*WORK ITEM*.
Your answer must be the exact lines from the one holding "The pricey purse" through the last line of the records below, with no pictures.

[Recorded data]
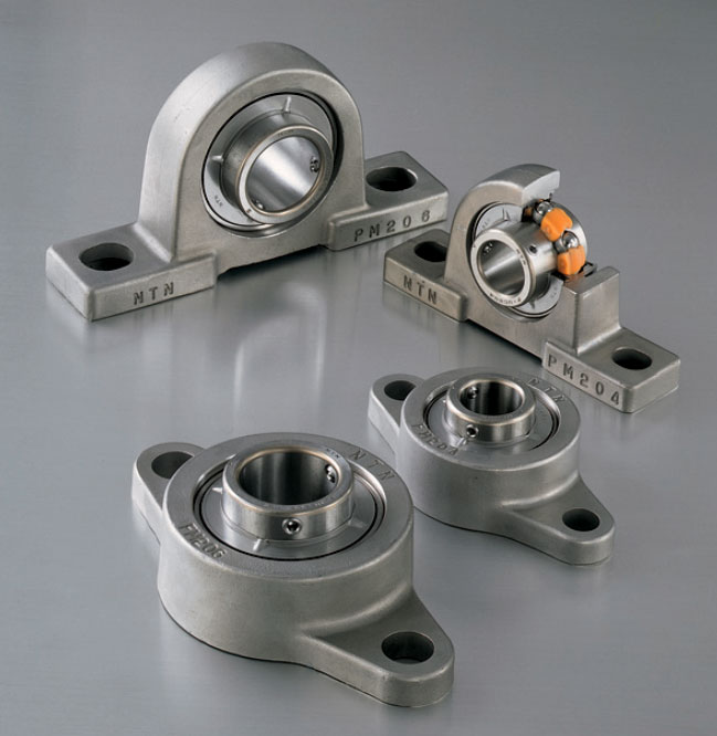 F-UC系列軸承座的滾道和滾動體是馬氏體不銹鋼(SUS440C)材質,拋油環(huán)和夾持器是奧氏體不銹鋼(SUS304)材質,緊定螺釘(W形螺釘)是馬氏體不銹鋼(SUS410)材質,密封件是硝基橡膠材質,軸承座外殼是鑄造奧氏體不銹鋼(SCS13)材質,均是NTN開發(fā)的優(yōu)質新材料。
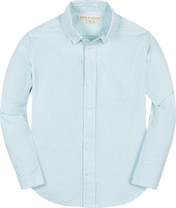 Our classic long sleeve button down shirt is cut from soft organic cotton seersucker that has a light and breathable feel. Features classic styling that makes it so easy to dress up or down, like roll up sleeves, buttons at the center front and a functional chest pocket. A spring staple that he'll love.
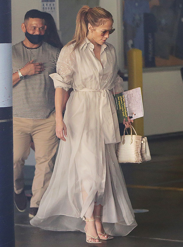 The pricey purse paired perfectly with her nude colored button-down dress. The gorgeous, flowy ensemble appeared to feature sequin embellishments on the shoulder along with a tie closure. She added beige colored sandals to the look along with a pair of wire sunglasses, keeping her highlighted hair pulled back into her signature, high ponytail. Jennifer also appeared to be holding an information package about the school as she strolled around outdoors.
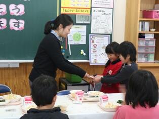 3月1日に、村内の小中学校給食の献立を作られる栄養教諭
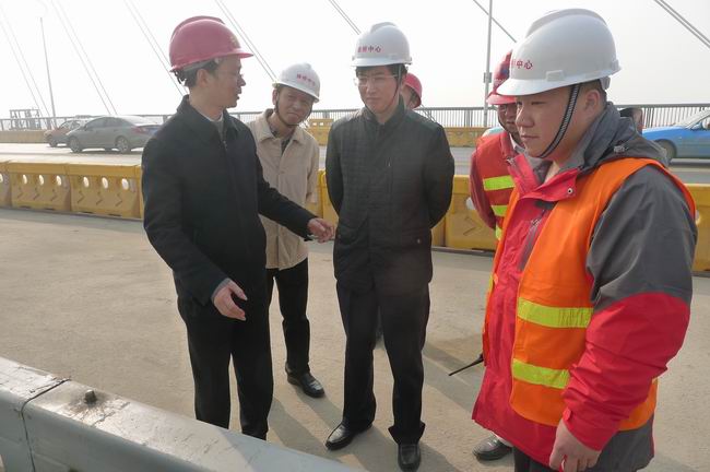 12月7日上午,路桥中心主任邓耀光、副主任郑欣利用周末时间,检查了晴川桥、长江二桥维修工程情况。
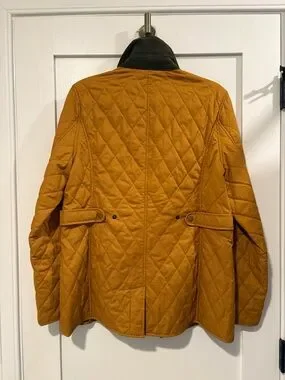 Lightweight quilted jacket with snap and zip front closure. Corduroy collar and side pockets. Plaid interior lining for added style. Very good used condition.

*ANSWER AREA*.
 The pricey purse paired perfectly with her nude colored button-down dress. The gorgeous, flowy ensemble appeared to feature sequin embellishments on the shoulder along with a tie closure. She added beige colored sandals to the look along with a pair of wire sunglasses, keeping her highlighted hair pulled back into her signature, high ponytail. Jennifer also appeared to be holding an information package about the school as she strolled around outdoors.
 3月1日に、村内の小中学校給食の献立を作られる栄養教諭
 12月7日上午,路桥中心主任邓耀光、副主任郑欣利用周末时间,检查了晴川桥、长江二桥维修工程情况。
 Lightweight quilted jacket with snap and zip front closure. Corduroy collar and side pockets. Plaid interior lining for added style. Very good used condition.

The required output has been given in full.